- Born: Japan
- Engineering career
- Employer: Toyota Motor Corporation
- Projects: AE86
- Significant design: Lexus IS Lexus SC Toyota Supra

= Nobuaki Katayama =

Japanese automotive engineer

Nobuaki Katayama is a Japanese automotive engineer and former racing driver who was the chief engineer for the first generation Lexus IS, the Toyota Altezza in Japan, the first generation Lexus SC 400/SC 300, and the 4th generation of the Toyota Supra.

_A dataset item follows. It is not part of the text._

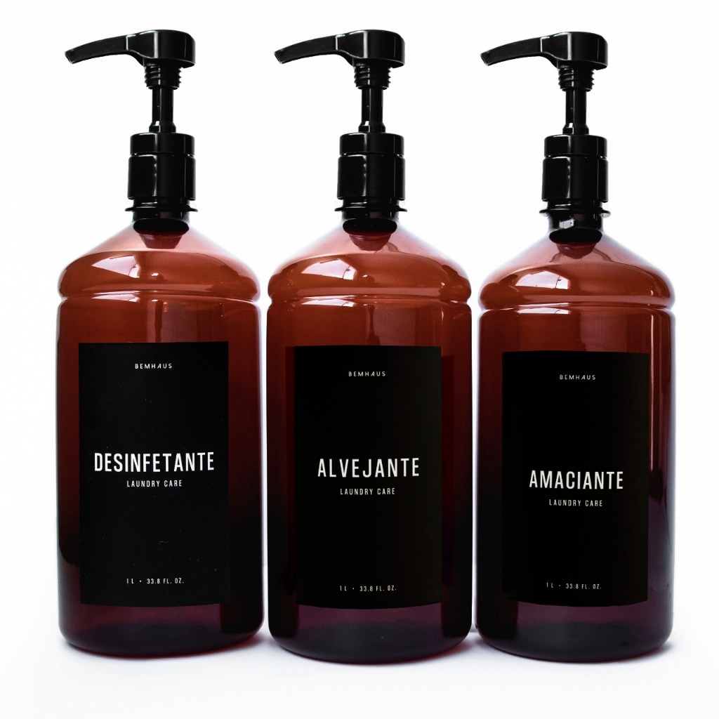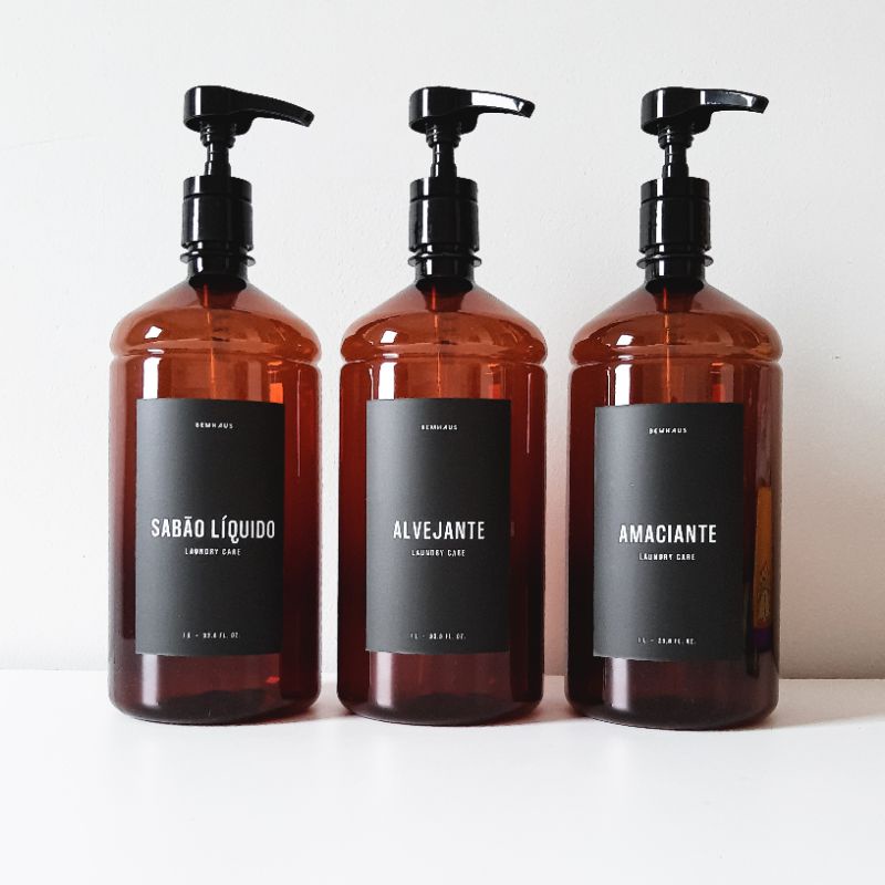 Frasco Ambar 1 Litro Diversos Rótulos Válvula Alta Vazão Bemhaus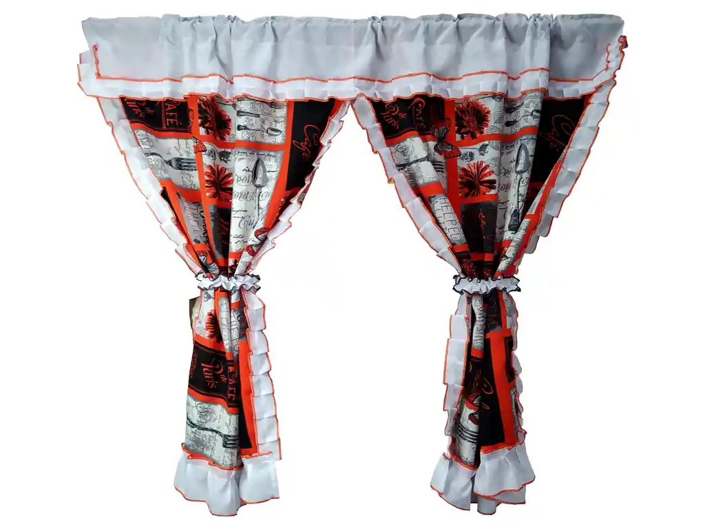 Hermosa cortina para VENTANA de cocina hecha a mano, línea tradicional, por artesanos colombianos cuidado los detalles y con materiales de primera calidad. Materiales: Lino estampado y cenefas en seda poliester. Medidas: Ancho 145 cm +/- X alto 110 cm +/- Medidas de empaque: Ancho: 23 cm Largo: 31 cm Alto: 2 cm Peso: 335 gramos. Cuidados: No usar detergente con blanqueador No dejar en remojo, ni cepille Lavar con prendas de igual tono En máquina, lavar en ciclo suave Secar a la sombra o máquina en el ciclo de planchado.

Previously, he was an engineer on the AE86 project, and also worked for four years on Toyota Motorsports' World Rally Championship and Le Mans programs.

==Career==
Katayama joined Toyota Motor Corporation in 1970, where he spent years working in manual transmission design. In 1989, he joined the company's motorsport division. Through the 1990s, Katayama worked in Europe as an executive in Toyota's Motorsports division, where he assisted in World Rally Championship, Sports Car World Championship, and Le Mans racing. He also competed in rallies and other races. From 1994 onward, he worked as the chief engineer of the fourth generation of the Toyota Supra performance coupe. He also worked on the first generation Lexus SC coupes, the SC 400 and SC 300, and then the first Lexus IS.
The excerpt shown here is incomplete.